There were still 16 minutes of happy hour on the books when we arrived, so I ordered a Grown & Sexy (Grey Goose, pomegranate & lemonade) at half price. Although the name sounds like the subject line of a post you'd find in the Casual Encounters section of Craigslist, the drink was a mere $5 & so tasty that @weiserj ordered a second round before finishing the first. I, of course, nursed mine throughout the meal because - haven't you been paying attention? - I'm a wuss.

Everything was good. Seriously, everything. I assembled a meal of three side dishes:
  1. Some sort of uber-cheesy mac & cheese with a baked top, like a cheesy crème brûlée - the fatten-you-up kind, as though I need it!
  2. Colorful Hoppin' John, which will taste even more amazing tomorrow when mixed with my newest obsession, sriracha
  3. Sweet potato & andouille sausage hash, a.k.a. the BEST THING I'VE EVER PUT IN MY MOUTH (yeah, yeah, that's what she said).
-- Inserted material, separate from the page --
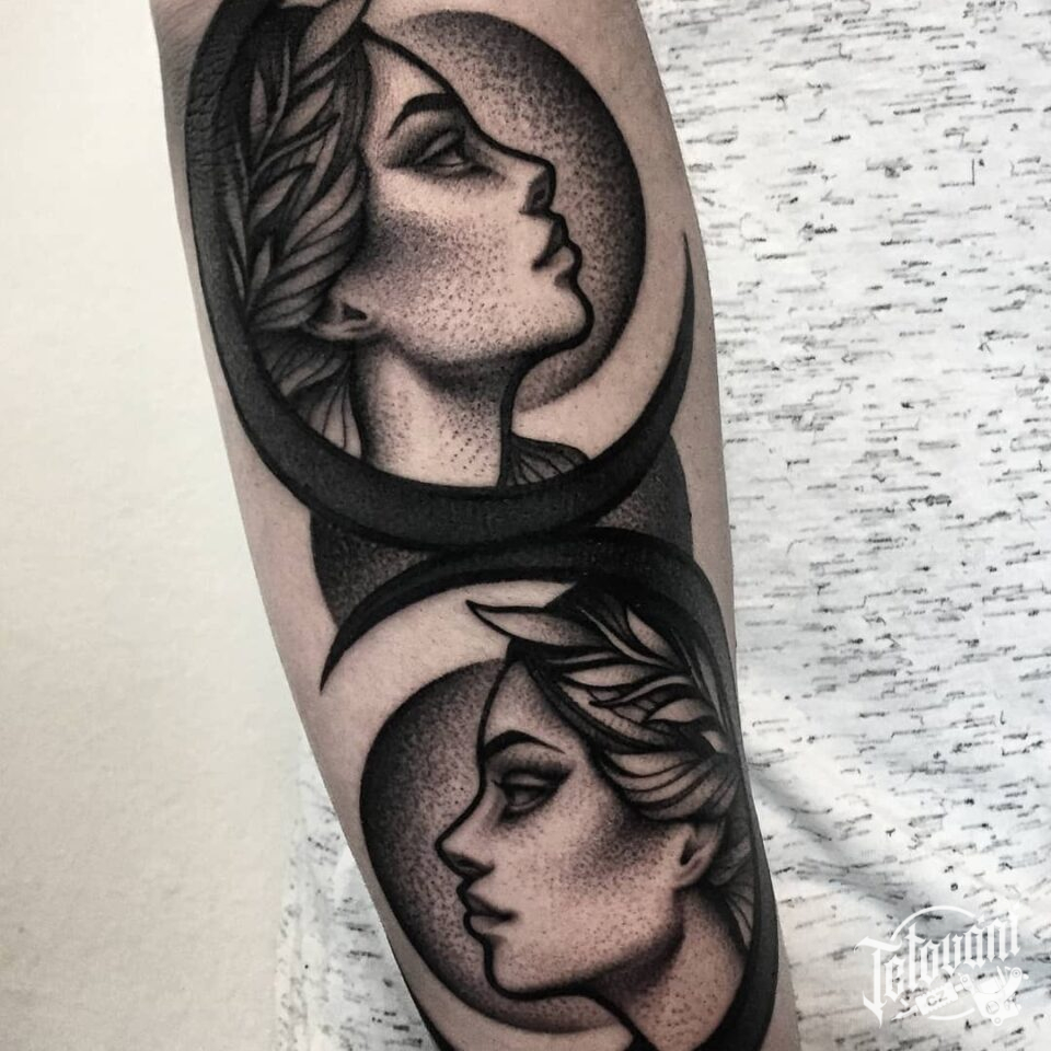 Tetování portrét ženy, planety slunce a měsíc na předloktí

Sorry, fellow Members of the Tribe - any would-be pork-guilt was 100% drowned out by my sheer joy. Somewhere, a pig in heaven is squealing with joy that he provided my taste buds with such delight.
Our server (we ate at the bar) was either the epitome of Southern hospitality or the epitome of hitting on us. He was jovial, generous & interested in joining our "Lost" discussion - & also in giving us a a few freebies, including cornbread (I want to eat this every single day) & a little absinthe (hallucinations not included, much to my dismay - "Moulin Rouge," you lied to me). YES, PLEASE. He asked whether we'd be returning tomorrow, & if the meal hadn't cost me such a pretty penny (fine, it was only $22), I'd be all over it.

In short, while this is one of the least eloquent blog posts I've ever written, I don't even care because I'm still on a food high from the deliciousness that was Eatonville. Let's go there. I'm in love.